Yellowfin and Confluence
The next code snippets is our macro body that inserts the HTML macro that will be used for output of reports and dashboards from Yellowfin server.

//Inserts the HTML macro that will be used to wrap our Yellowfin script.
<ac:structured-macro ac:name="html">
    <ac:parameter ac:name="atlassian-macro-output-type">INLINE</ac:parameter>
    <ac:plain-text-body><![CDATA[<div id="$paramelementId">

//Calls Yellowfin script that will fetch the report or dashboard from Yellowfin server.
<script type="text/javascript">
	YELLOWFIN SCRIPT GOES HERE
</script>

</div> </ac:plain-text-body>

We want to point your attention to the specific HTML element that will be used for output of Yellowfin report/dashboard stored in the tag shown below. Our user macro will allow you to enter its ID right in the macro browser, so you will be able to insert multiple reports and dashboards on the same page without any issues. The $paramelementId parameter will take the value entered as Element ID and paste it into our user macro.

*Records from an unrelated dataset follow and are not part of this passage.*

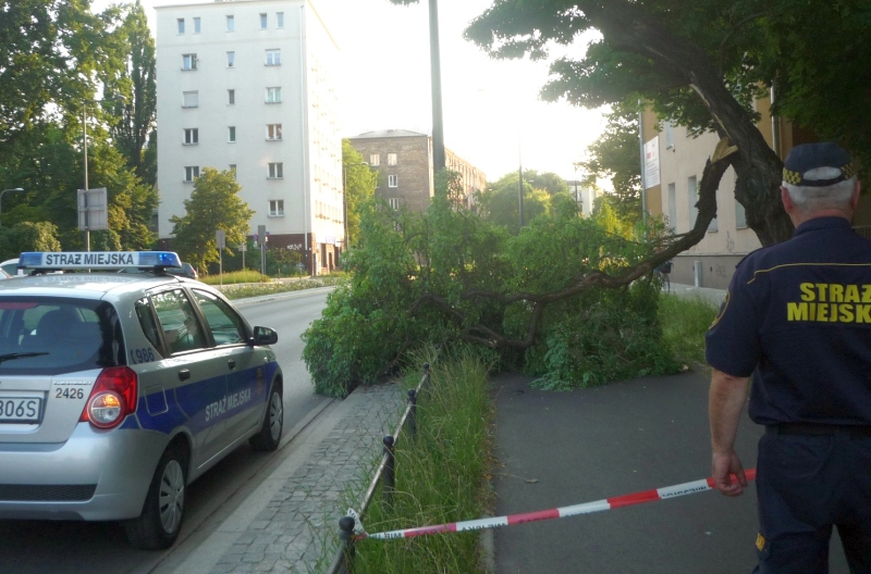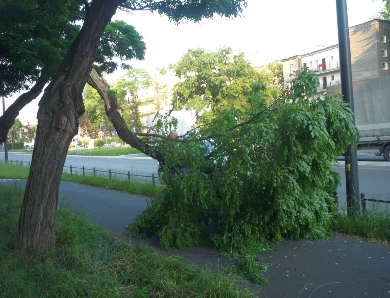 Około godziny 18.50, jadąc ulicą Górczewską pomiędzy ulicami Szlenkierów, a Tyszkiewicza funkcjonariusze IV Oddziału Terenowego zauważyli ułamany konar. Ogromna gałąź zwisała nad ścieżką rowerową zagradzając całą jej szerokość oraz fragment prawego pasa jezdni. Na dodatek zdarzenie miało miejsce tuż przed zakrętem, a więc konar był niewidoczny dla jadących z naprzeciwka. Strażnicy miejscy wezwali straż pożarną. Kwadrans po godzinie 19 strażacy odcięli konar i złożyli na terenie zielonym, gdzie nie będzie już zagrażał użytkownikom ścieżki rowerowej.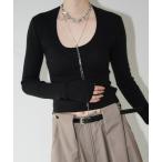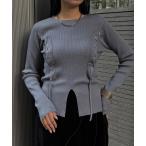 ニット セーター 「&g'aime 」 レースアップリブニット lace-up ribbed knit top レディース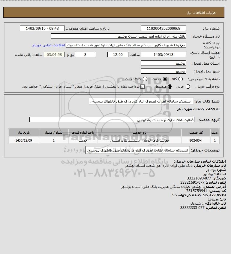 نام دستگاه خریدار:بانک ملی ایران اداره امور شعب استان بوشهر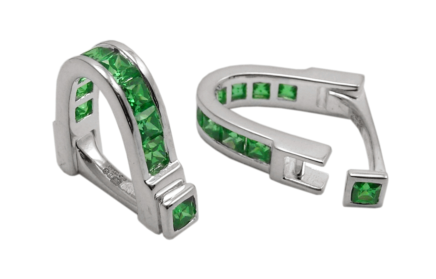 SILVER CUFFLINKS-Green Stones Sterling Silver. SKU #: CU454.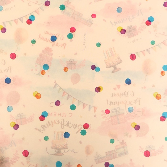Бумага упаковочная, глянцевая "С Днем Рождения", 70 х 100 см, 1 лист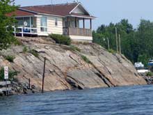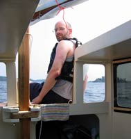 Andy had to tack back and forth to leave the channel. After one tack we smashed into this rock cliff. I was screaming "we're going to hit the rock" and he was screaming "no we're not". Then we hit the rock. |
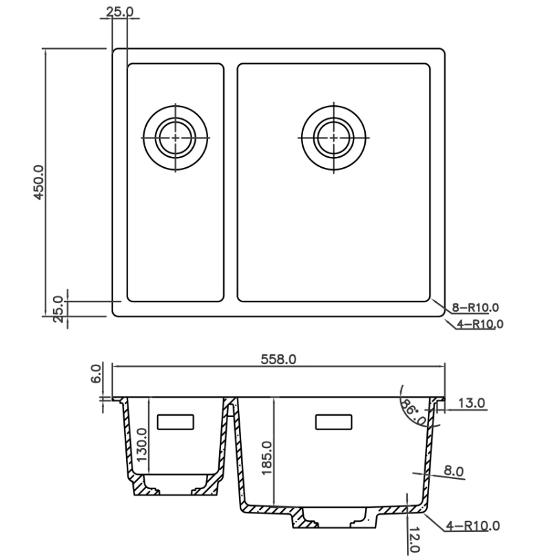 Categorieën: 600 mm, Granieten spoelbakken, zwarte spoelbak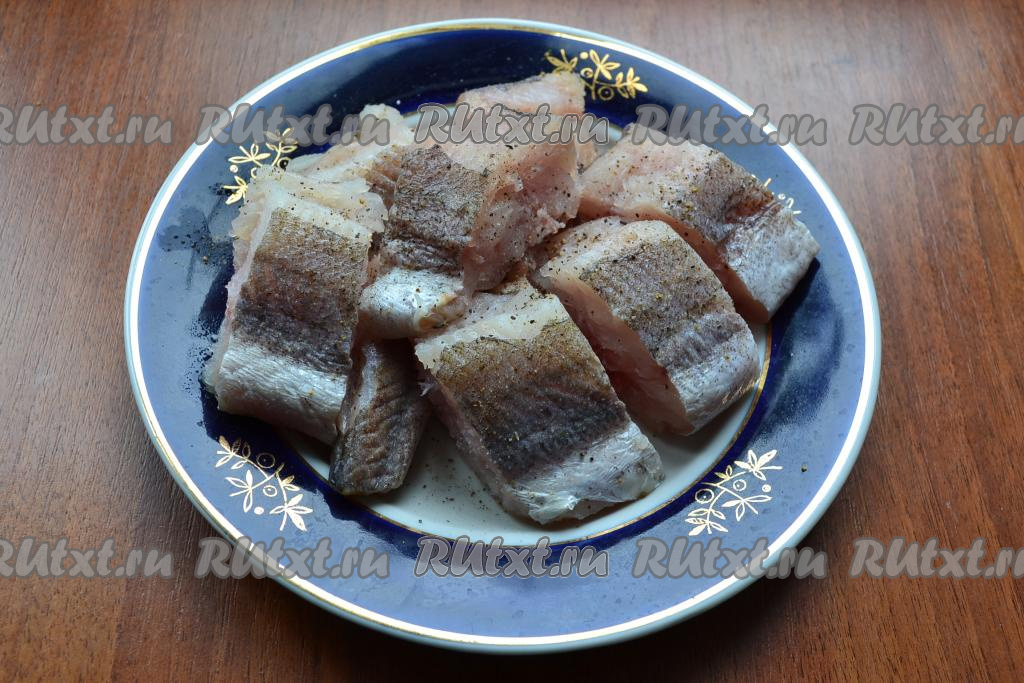 Нарезать рыбу на кусочки шириной около 2 сантиметров, посолить их и поперчить.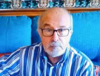 Se trata de una persona con movilidad reducida y principio de parkinson que tiene el pelo y la barba de color blanco y viste pantalón y camiseta de color azul.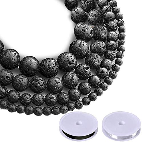 - QUANTITY INCLUDES - Paxcoo lava beads set come with totally 500pcs 4 different size lava rock beads per package (4mm-150pcs, 6mm-150pcs, 8mm-150pcs, 10mm-50pcs) and 2 rolls of black and white elastic string for your jewelry making and beading supplies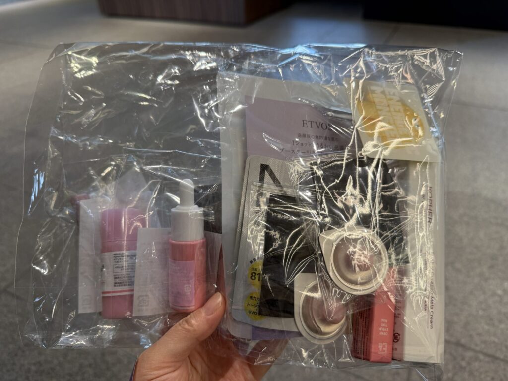 特典でいただいたコスメは、3種類のテーマから選べるのですが、すごいたくさんの量入っていました(相方さんの分もあるので、2倍です)

<ac:plain-text-body><![CDATA[<div id="$paramelementId">
</div> </ac:plain-text-body>

And the last part of out user macro is the call of Yellowfin script that will make a request to its JavaScript API on the server and fetch the required report with the defined parameters. As you can see $param+parameterName is used to fetch the value defined in the macro browser and insert it into the script. In Yellowfin documentation you can find the fullt list of parameters for reports and dashboards. The example below provides a range of basic parameters required for output of the report, the similar code can be used for dashboards. You can alternate the parameters or remove the unnecessary ones if needed. Some parameters are mutually exclusive so please consult Yellowfin API documentation before you start.

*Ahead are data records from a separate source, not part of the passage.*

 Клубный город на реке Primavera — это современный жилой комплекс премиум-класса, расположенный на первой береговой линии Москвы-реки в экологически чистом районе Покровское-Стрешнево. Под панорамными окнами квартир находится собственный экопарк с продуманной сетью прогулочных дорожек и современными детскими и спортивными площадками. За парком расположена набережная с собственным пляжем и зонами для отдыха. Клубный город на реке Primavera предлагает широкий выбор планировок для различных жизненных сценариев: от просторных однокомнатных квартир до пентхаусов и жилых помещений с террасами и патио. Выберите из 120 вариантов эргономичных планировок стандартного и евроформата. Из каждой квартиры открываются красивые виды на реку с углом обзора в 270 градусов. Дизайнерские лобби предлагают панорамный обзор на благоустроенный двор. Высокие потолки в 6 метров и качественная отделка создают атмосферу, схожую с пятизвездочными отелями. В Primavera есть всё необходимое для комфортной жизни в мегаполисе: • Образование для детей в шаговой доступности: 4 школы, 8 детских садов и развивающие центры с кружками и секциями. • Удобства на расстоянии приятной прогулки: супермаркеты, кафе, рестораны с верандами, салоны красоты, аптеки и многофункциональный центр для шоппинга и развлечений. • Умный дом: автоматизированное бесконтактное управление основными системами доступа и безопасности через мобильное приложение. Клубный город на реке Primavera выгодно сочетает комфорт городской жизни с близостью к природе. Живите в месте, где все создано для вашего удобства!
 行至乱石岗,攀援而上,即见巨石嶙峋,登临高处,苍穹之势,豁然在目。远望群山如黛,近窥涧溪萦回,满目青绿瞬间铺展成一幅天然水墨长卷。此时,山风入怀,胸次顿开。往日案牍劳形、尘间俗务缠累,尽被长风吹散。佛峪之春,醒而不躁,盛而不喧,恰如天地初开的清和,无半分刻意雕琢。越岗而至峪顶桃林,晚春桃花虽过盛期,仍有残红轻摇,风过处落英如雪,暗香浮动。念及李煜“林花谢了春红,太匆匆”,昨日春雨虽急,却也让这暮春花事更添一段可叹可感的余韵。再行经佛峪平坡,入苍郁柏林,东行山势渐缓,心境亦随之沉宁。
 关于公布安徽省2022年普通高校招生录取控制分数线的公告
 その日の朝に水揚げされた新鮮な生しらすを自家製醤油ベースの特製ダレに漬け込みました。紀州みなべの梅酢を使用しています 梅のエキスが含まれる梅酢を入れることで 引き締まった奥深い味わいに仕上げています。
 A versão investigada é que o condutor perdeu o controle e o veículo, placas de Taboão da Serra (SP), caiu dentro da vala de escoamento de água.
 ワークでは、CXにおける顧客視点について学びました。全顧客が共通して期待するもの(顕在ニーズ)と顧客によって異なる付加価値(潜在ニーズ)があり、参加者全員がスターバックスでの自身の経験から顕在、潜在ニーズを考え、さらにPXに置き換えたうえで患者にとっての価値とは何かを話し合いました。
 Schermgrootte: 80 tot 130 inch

<script src="http://127.0.0.1:8087/JsAPI" type="text/javascript"></script>
<script type="text/javascript">
	var options = {};
		options.elementId = '$paramelementId';
		options.reportUUID = '$paramreportUUID';
		options.username = 'youremail@example.com';
		options.password = 'yourpassword';
		options.showFilters = '$paramshowFilters';
		options.showExport = '$paramshowExport';
		options.width = '$paramwidth';
		optionsheight = '$paramheight';
	yellowfin.loadReport(options);
</script>

Once you complete save the user macro.

Inserting User Macro

Open the necessary Confluence page and switch it to the edit mode.

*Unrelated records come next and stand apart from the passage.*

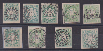 1 Kr., die Abstufungen der Grün-Töne, neun Werte in fast nur verschiedenen Nuancen, von hellgelblich- bis dunkelblaugrün (zweimal "c"), Mi. 295,-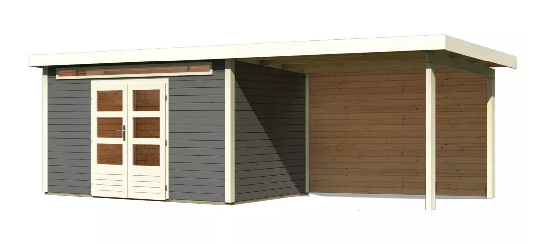 dřevěný domek KARIBU KANDERN 7 + přístavek 320 cm včetně zadní stěny (9249) terragrau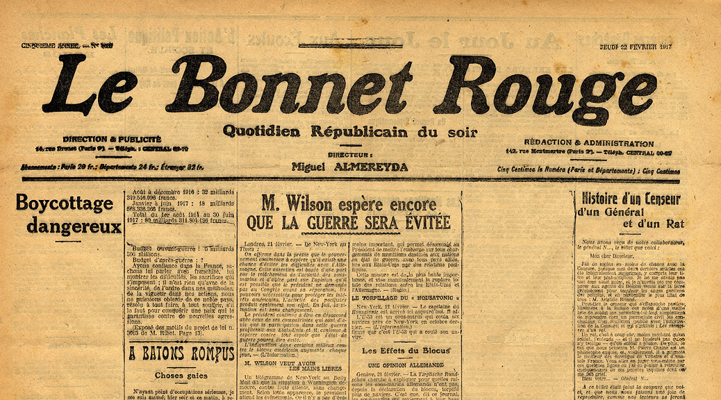 Pendant la Première Guerre mondiale, la censure bat son plein. En aucun cas l’ennemi ne doit connaître l’état des troupes, les plans de batailles, les stratégies de l’État major. Il est exclut que le citoyen apprenne la vérité sur la vie des tranchées, les manœuvres désastreuses, le moral en berne, les désertions, les fraternisations avec l’ennemi, etc. La censure intervient après la composition du texte, avant son impression. Le censeur fait tout simplement retirer les textes interdits, y laissant de vastes colonnes blanches et mystérieuses, parfois remplies de petits carreaux noirs.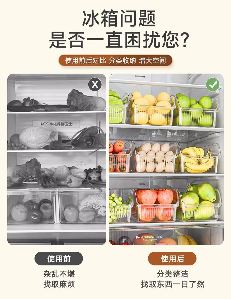 Caja de Almacenamiento para Refrigerador Caja Organizadora de Plástico para Alimentos Tipo Cajón Crisper Grado Alimenticio

Start entering {Ylbrep} and select your user macro. Name of your user macro may vary if you set a different one.

Yellowfin and Confluence

Then just enter the required Element ID and insert report UUID from Yellowfin server and that’s it. If needed, enable display of filters and report export, and specify the required width and height of the report.

Once you save the macro, its parameters will be saved in its body.

When you save the page the report will appear on it and you can work with it as in Yellowfin itself. The report will be updated upon each reload of Confluence page, so if new data is continuously supplied to Yellowfin you will get all the time the updated data.

Yellowfin and Confluence

As you can see it is not a problem to quickly and easily integrate Yellowfin and Confluence. Yellowfin Javascript API is easy to understand, use and customize. Besides the generic embedding of the report or dashboard, you can insert them with the already filtered results and save a bit of your time.